Background: Our knowledge of Helicobacter pylori infection indicates that it is possible to eliminate ulcer disease and improve quality of life for ulcer patients. Treatment is evidence-based and cost-effective. However, though we now have the tools, we have not yet been able to eliminate ulcer disease from society. Dissemination of knowledge and treatment implementation have been problematic. In primary care, there is diagnostic and therapeutic chaos regarding this infection. Disagreement exists on indications for treatment. Expenditure on acid-reducing drugs has greatly increased. Clearly we are not treating all ulcer patients properly (undertreatment); instead we have incorporated H. pylori therapy ('test and treat') into our approach to dyspepsia (overtreatment).
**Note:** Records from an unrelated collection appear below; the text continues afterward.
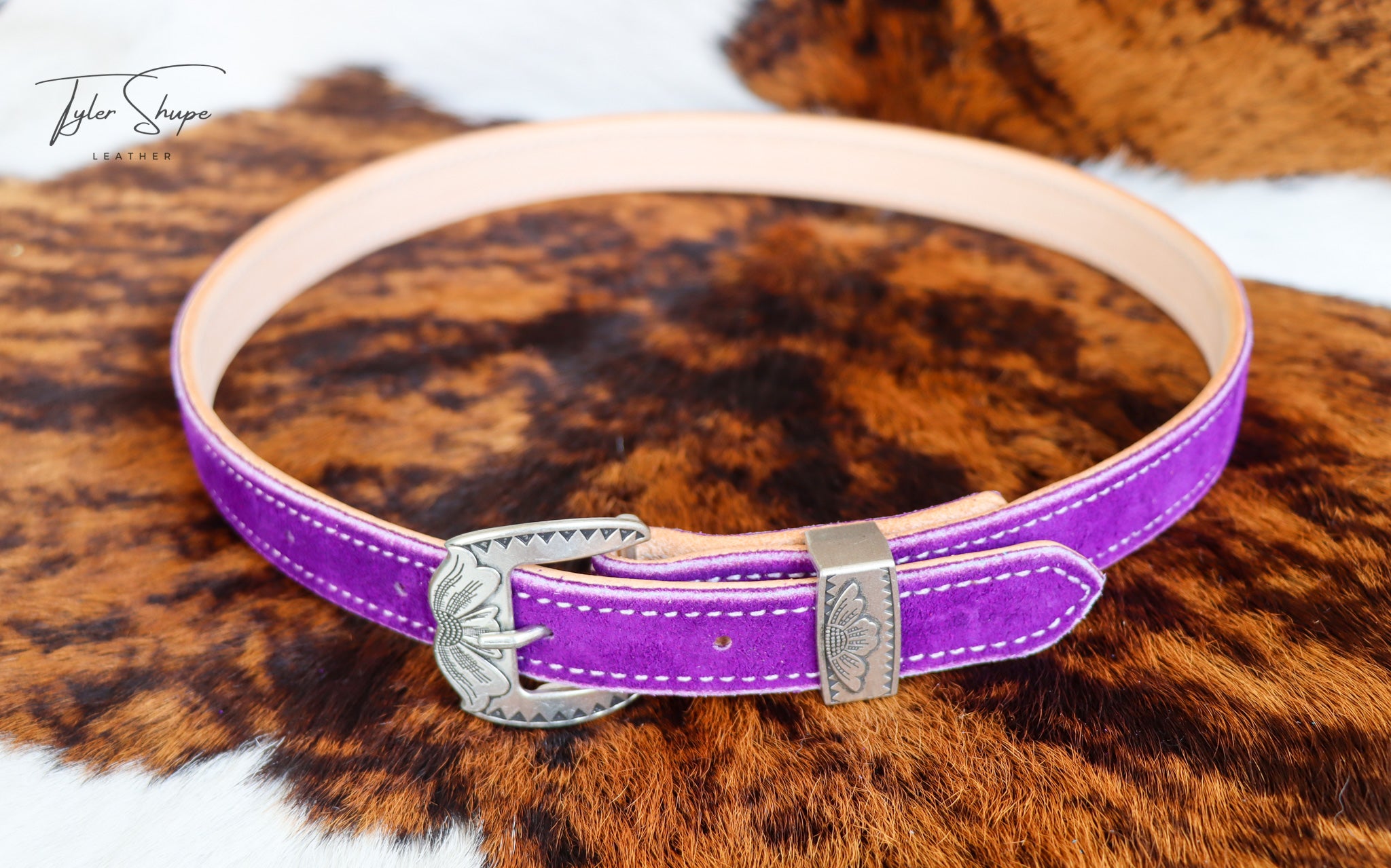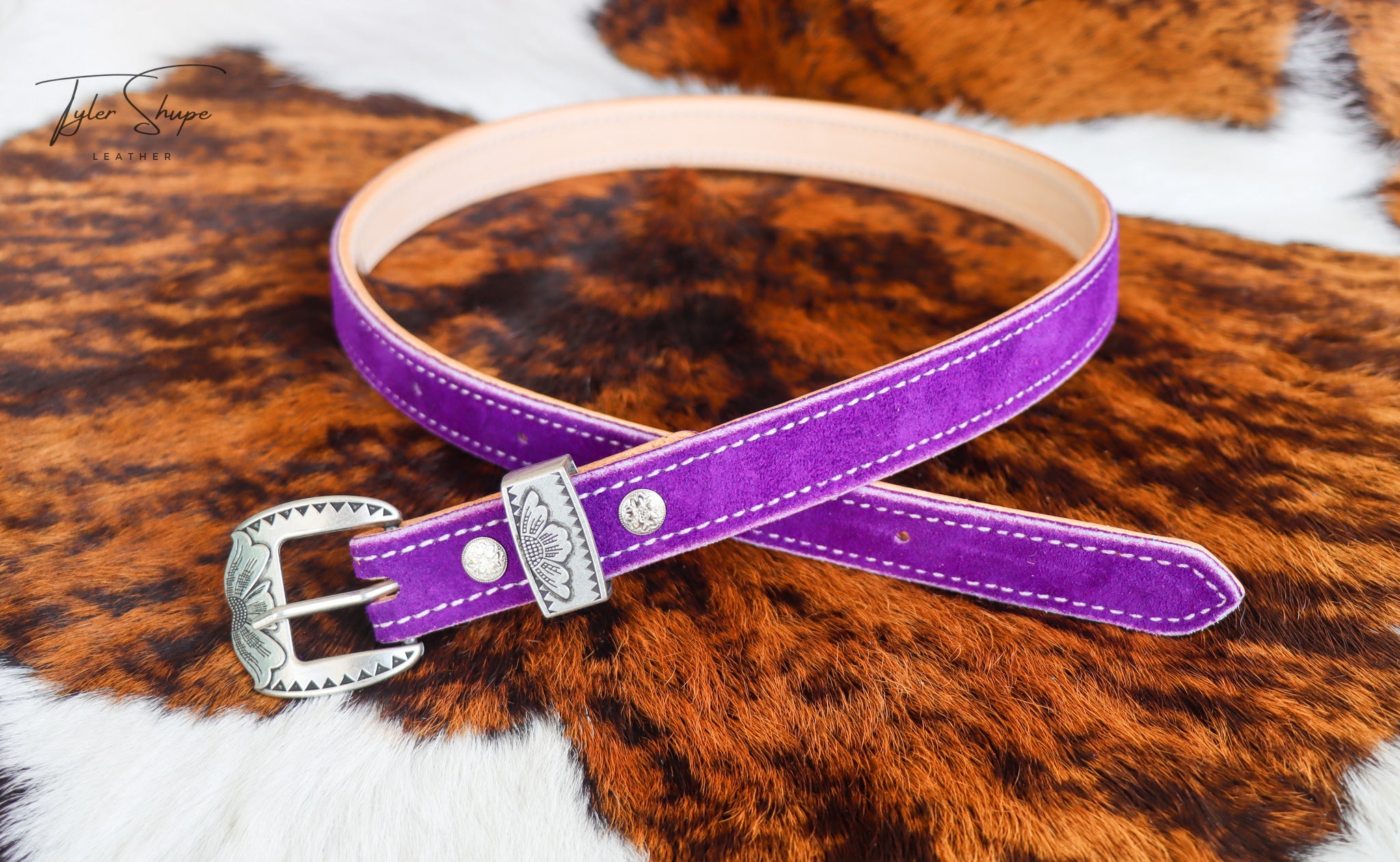 Let your little one dress like a champ with our handcrafted Purple Trailmark Collection Suede Belt. Built with the same quality and detail as our full-size belts, this mini version features genuine full-grain leather layered with soft suede in bold, kid-approved color. Finished with a 1" width, durable white stitching, and a silver-tone Western buckle, it's perfect for rodeos, school, or everyday wear.
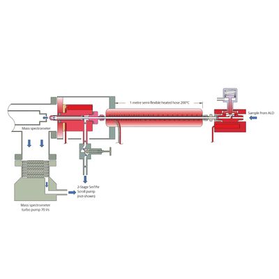 For sampling ALD processes with options from 1-5 mbar or 5-50 mbar. Heated to 200°C. Air actuated heated (200°C) isolation ‘ALD’ valve included, not shown.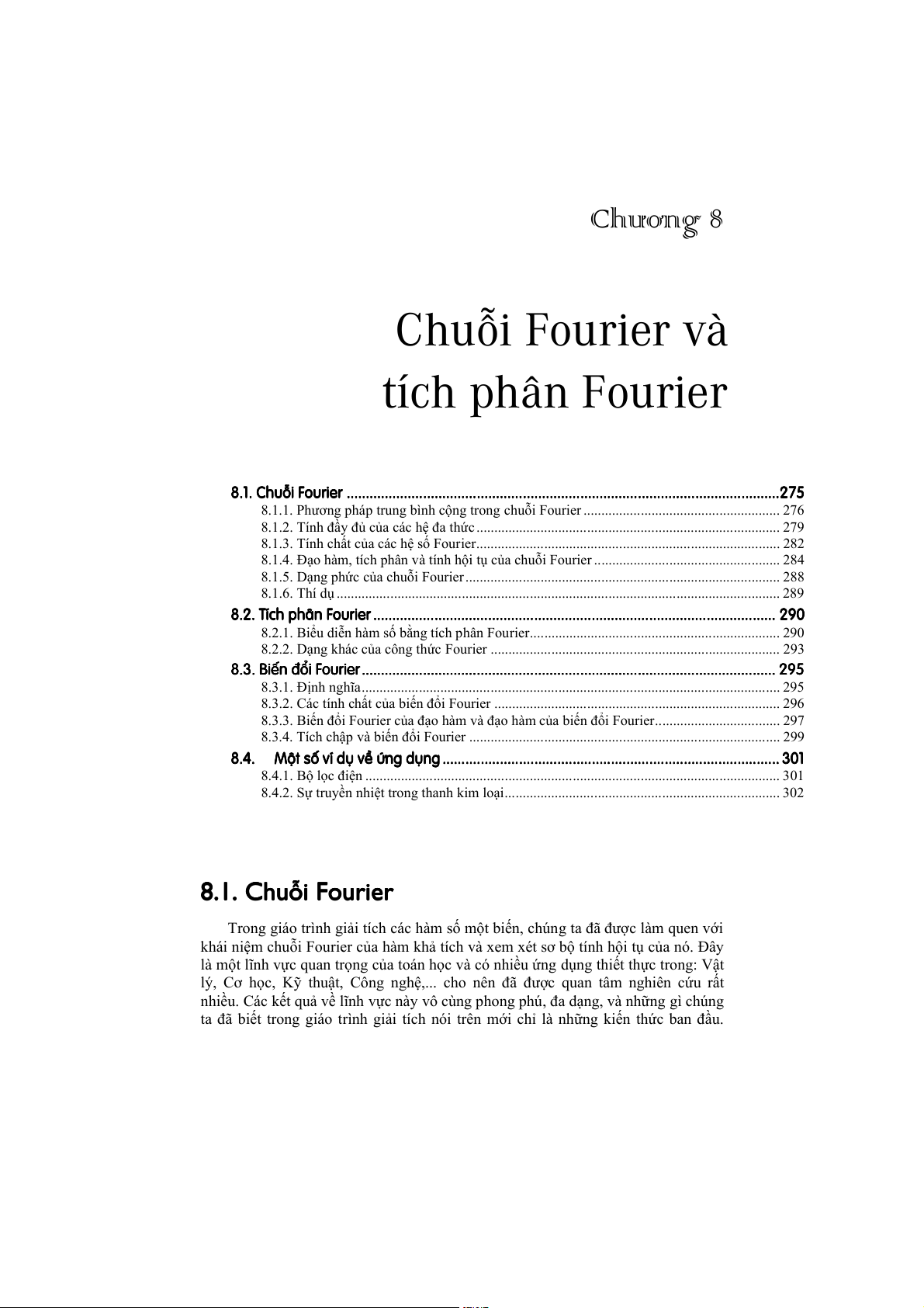 Chương 8. Chuỗi Fourier và tích phân Fourier 279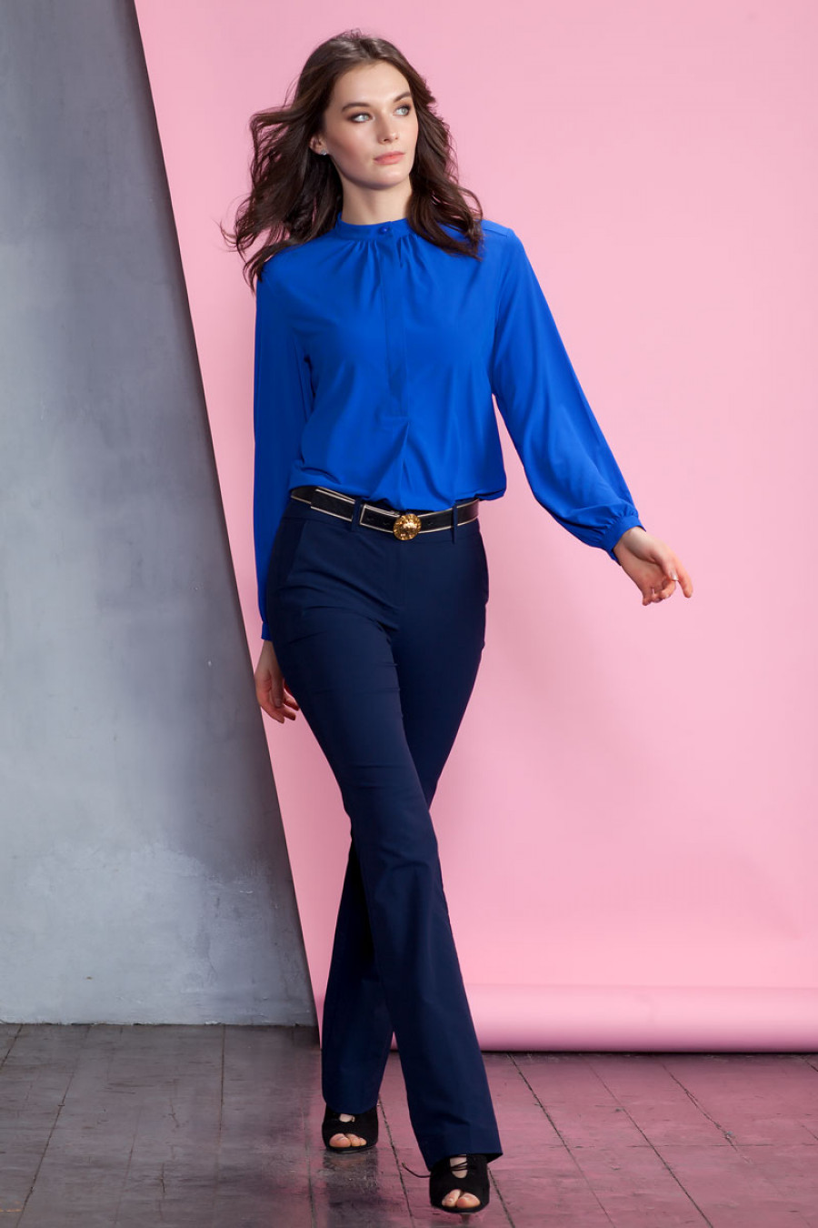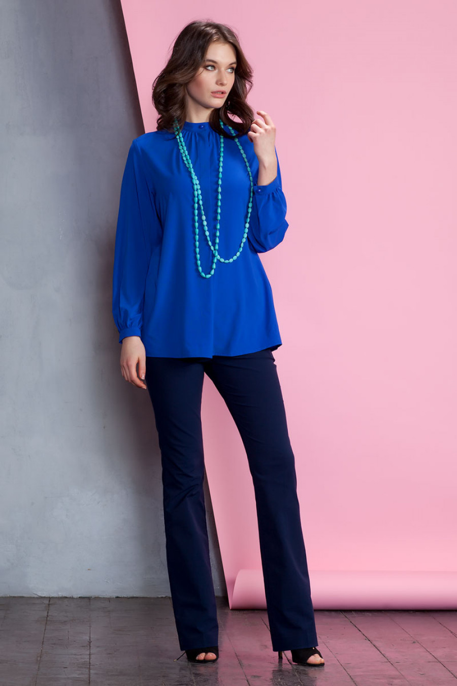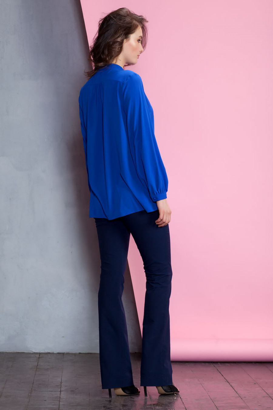 Элегантная блузка из слегка прозрачного однотонного шифона. Модель свободного кроя с длинным рукавом на манжете. Впереди потайная застежка на пуговицы. Она отлично подойдет как для офисных комплектов с классическими брюками, так и для casual-варианта с джинсами.
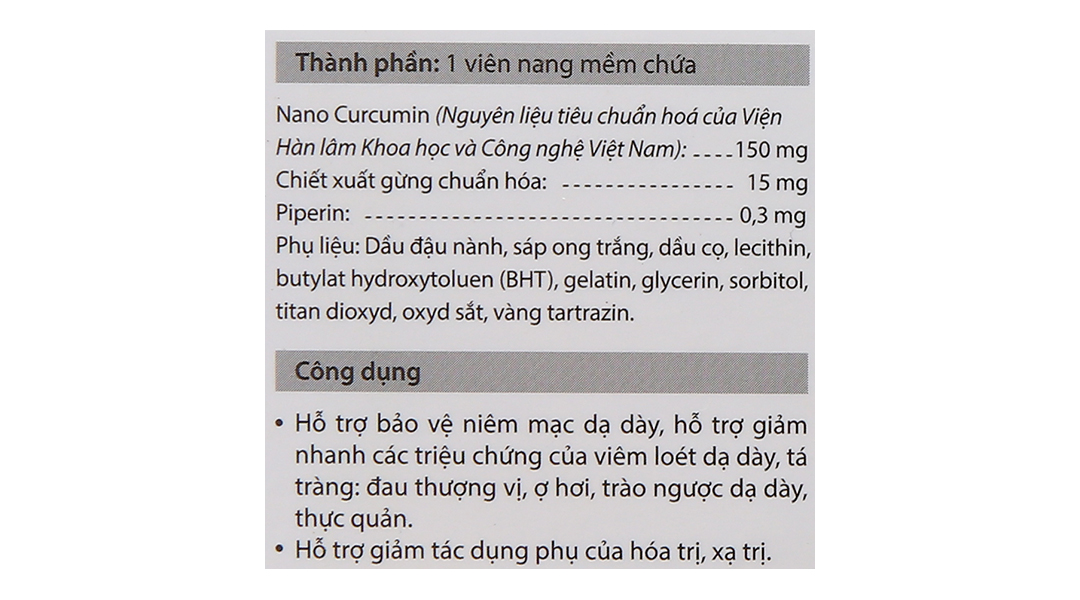 Công dụngHỗ trợ bảo vệ niêm mạc dạ dày, hỗ trợ giảm nhanh các triệu chứng của viêm loét dạ dày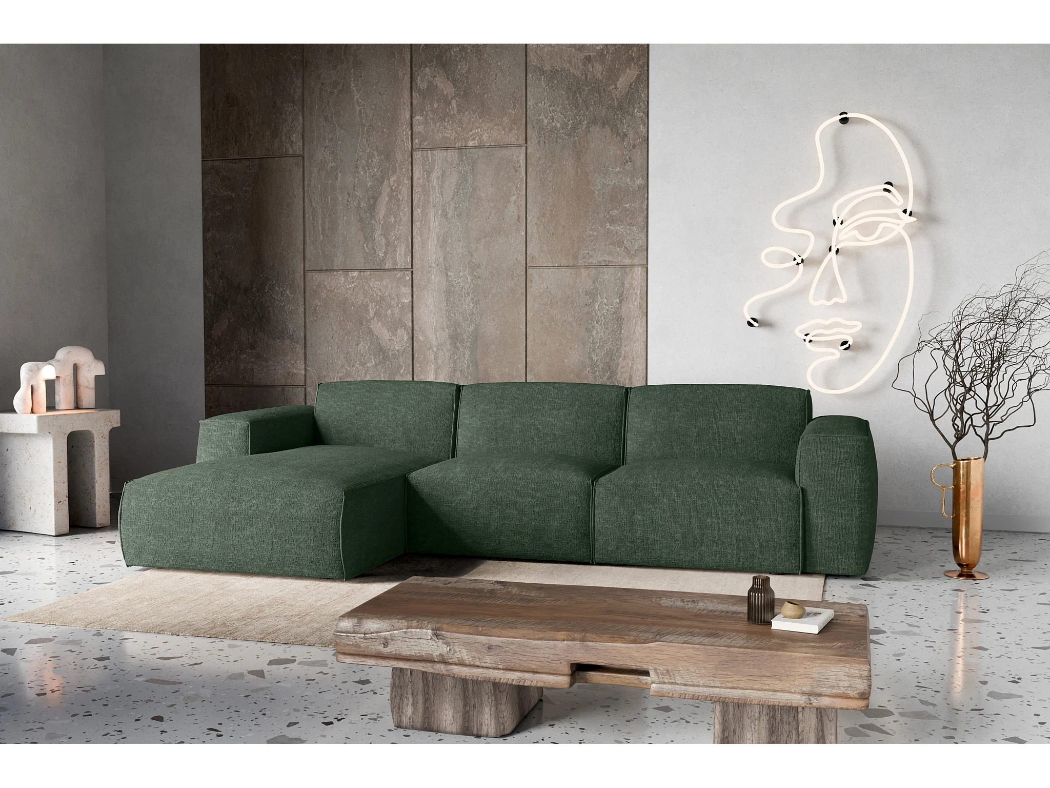 Canapé d'Angle gauche avec fonction de couchage Hudson coffre en vert bouteille du fabricant -VINOTTI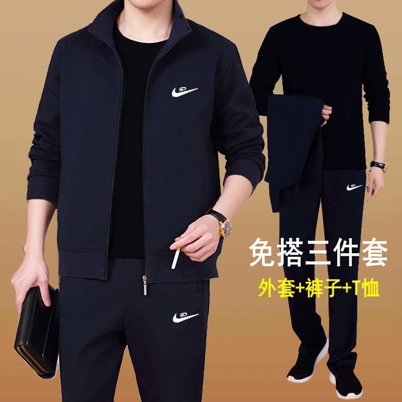 新品男士运动套装男春秋季中老年休闲大码冬季男装长袖外套潮两三
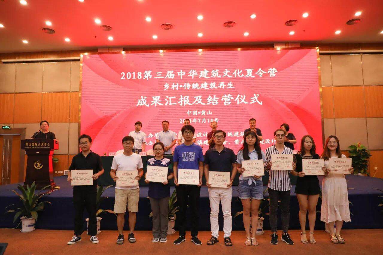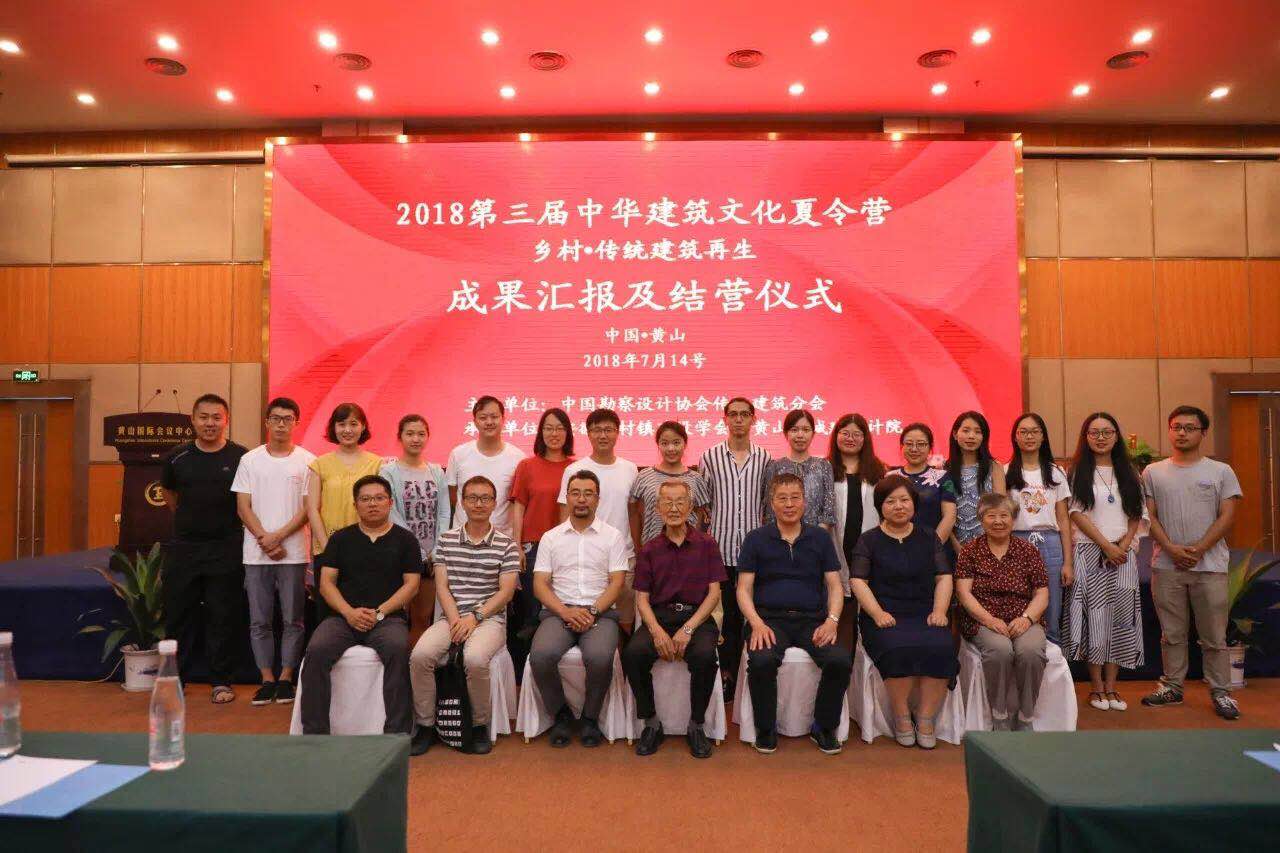 2018年7月14日,由中國勘察設計協(xié)會指導、中國勘察設計協(xié)會傳統(tǒng)建筑分會主辦、安徽省村鎮(zhèn)建設學會和黃山市城建設計院共同承辦的以“鄉(xiāng)村·傳統(tǒng)建筑再生”為主題的第三屆中華建筑文化夏令營結營儀式在黃山國際大酒店舉行。清華大學建筑學院教授單德啟、中勘協(xié)傳統(tǒng)建筑分會副會長黃滋、中勘協(xié)傳統(tǒng)建筑分會秘書長王新華、中勘協(xié)傳統(tǒng)建筑分會常務理事李早、安徽省村鎮(zhèn)建設學會理事長程堂明、黃山市城建設計院院長陳繼騰等領導以及營員等約90人參加了結營儀式。黃山市城建設計院副院長陸笑旻主持會議。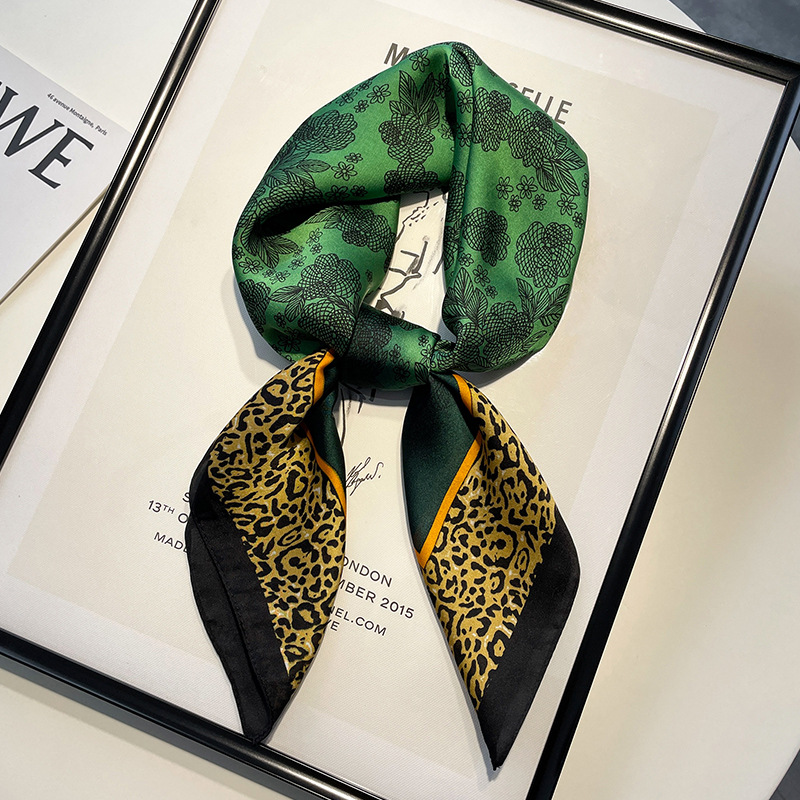 • 레오파드 무늬 프레임 70 사각형 스카프 다크 그린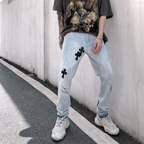 克罗十字架宽松直筒百搭高端休闲水洗大码浅蓝高街牛仔...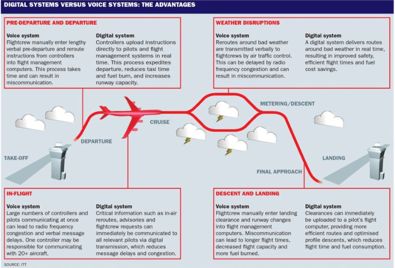 ADS-B provides precision surveillance data without radar, allowing more efficient flightpaths. Similarly, data comm will boost capacity by transferring the messages that have traditionally connected aircraft to controllers - a barrage of back-and-forth voice transmissions, particularly in the terminal environment - to text. Moving to text messaging from voice will also boost safety by eliminating communications errors such as language barriers.

Anti-H. pylori therapy in patients with non-ulcer dyspepsia may increase costs because most patients still suffer from symptoms after antibiotic therapy, and therefore require further diagnostic procedures and prescription of new drugs. In order to redeem the great promise of H. pylori, we must focus less on new ulcer patients, because the incidence is rapidly decreasing in Western Europe. Prevalence of ulcer disease, however, is still high. Thus we need to focus more on prevalent cases. We ought to seek and treat those persons already known to have ulcer disease. Systematic 'case-finding' strategies must be performed using standard protocols. Only such 'disease management' programmes performed at the primary care level will suffice to eliminate ulcer disease while also being cost-effective.

溃疡疾病的疾病管理。
背景:我们对幽门螺杆菌感染的了解表明,它可以消除溃疡疾病,提高溃疡患者的生活质量。治疗是循证且具有成本效益的。然而,尽管我们现在有了工具,我们还没有能够从社会上消除溃疡疾病。知识的传播和治疗的实施一直存在问题。在初级保健中,对这种感染的诊断和治疗存在混乱。在治疗的适应症上存在分歧。降酸药物的支出大大增加。显然,我们并没有正确治疗所有溃疡患者(治疗不足);相反,我们将幽门螺杆菌疗法(“检测和治疗”)纳入我们治疗消化不良(过度治疗)的方法中。Anti-H。对非溃疡性消化不良患者进行幽门螺杆菌治疗可能会增加费用,因为大多数患者在抗生素治疗后仍有症状,因此需要进一步的诊断程序和新药处方。为了挽回幽门螺杆菌的巨大希望,我们必须减少对新发溃疡患者的关注,因为西欧的发病率正在迅速下降。然而,溃疡的患病率仍然很高。因此,我们需要更多地关注流行病例。我们应该寻找和治疗那些已经知道有溃疡的人。必须使用标准方案执行系统的“病例发现”策略。只有在初级保健一级实施这种“疾病管理”规划才足以消除溃疡疾病,同时也具有成本效益。
本文章由计算机程序翻译,如有差异,请以英文原文为准。